Could you reproduce the lines below from the one with "for seated use" through the one with "Hot Rolled Grade"? Keep both ends and add nothing.

▶ [Data in this exercise]
Start of Block
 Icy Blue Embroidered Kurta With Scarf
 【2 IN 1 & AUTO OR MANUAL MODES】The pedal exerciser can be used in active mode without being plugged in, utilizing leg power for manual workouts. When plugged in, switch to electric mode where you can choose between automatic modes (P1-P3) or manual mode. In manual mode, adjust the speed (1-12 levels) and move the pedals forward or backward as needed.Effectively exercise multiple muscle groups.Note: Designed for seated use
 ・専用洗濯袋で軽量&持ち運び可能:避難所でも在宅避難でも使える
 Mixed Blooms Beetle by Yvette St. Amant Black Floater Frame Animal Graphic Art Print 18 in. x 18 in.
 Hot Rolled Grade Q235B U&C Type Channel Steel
End of Block
Start of Block
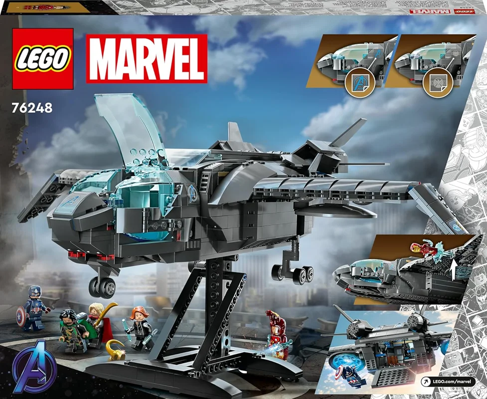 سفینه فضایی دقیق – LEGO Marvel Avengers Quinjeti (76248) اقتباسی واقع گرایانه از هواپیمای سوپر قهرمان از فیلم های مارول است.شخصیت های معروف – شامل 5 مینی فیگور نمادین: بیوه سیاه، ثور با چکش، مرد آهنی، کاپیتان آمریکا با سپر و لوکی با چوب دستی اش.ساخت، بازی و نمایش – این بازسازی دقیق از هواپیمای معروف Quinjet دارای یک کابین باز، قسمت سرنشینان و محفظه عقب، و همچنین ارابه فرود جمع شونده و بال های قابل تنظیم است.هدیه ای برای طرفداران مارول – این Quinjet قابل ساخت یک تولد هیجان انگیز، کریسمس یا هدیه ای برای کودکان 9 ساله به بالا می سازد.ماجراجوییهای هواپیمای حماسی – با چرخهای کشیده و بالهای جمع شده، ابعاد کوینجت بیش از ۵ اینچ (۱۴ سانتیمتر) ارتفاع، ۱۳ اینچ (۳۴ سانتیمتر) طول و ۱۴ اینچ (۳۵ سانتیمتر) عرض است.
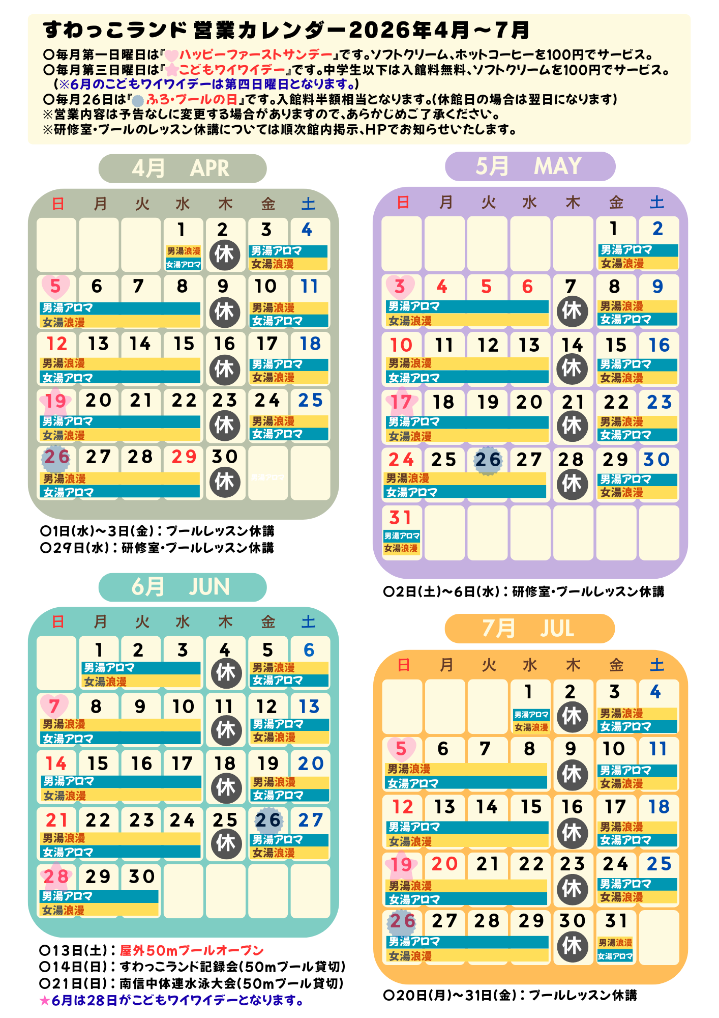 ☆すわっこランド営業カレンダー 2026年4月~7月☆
End of Block
Start of Block
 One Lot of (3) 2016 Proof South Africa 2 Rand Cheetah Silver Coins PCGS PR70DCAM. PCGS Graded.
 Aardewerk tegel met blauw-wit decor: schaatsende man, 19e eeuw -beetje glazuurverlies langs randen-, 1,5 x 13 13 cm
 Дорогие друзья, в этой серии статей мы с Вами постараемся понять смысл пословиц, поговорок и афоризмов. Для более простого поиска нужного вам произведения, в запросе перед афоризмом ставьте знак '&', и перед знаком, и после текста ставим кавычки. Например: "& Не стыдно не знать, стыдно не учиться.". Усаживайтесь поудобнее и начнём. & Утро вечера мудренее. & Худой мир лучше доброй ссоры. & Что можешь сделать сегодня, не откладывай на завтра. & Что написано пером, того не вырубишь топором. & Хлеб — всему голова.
End of Block
▶ [Answer section]
 【2 IN 1 & AUTO OR MANUAL MODES】The pedal exerciser can be used in active mode without being plugged in, utilizing leg power for manual workouts. When plugged in, switch to electric mode where you can choose between automatic modes (P1-P3) or manual mode. In manual mode, adjust the speed (1-12 levels) and move the pedals forward or backward as needed.Effectively exercise multiple muscle groups.Note: Designed for seated use
 ・専用洗濯袋で軽量&持ち運び可能:避難所でも在宅避難でも使える
 Mixed Blooms Beetle by Yvette St. Amant Black Floater Frame Animal Graphic Art Print 18 in. x 18 in.
 Hot Rolled Grade Q235B U&C Type Channel Steel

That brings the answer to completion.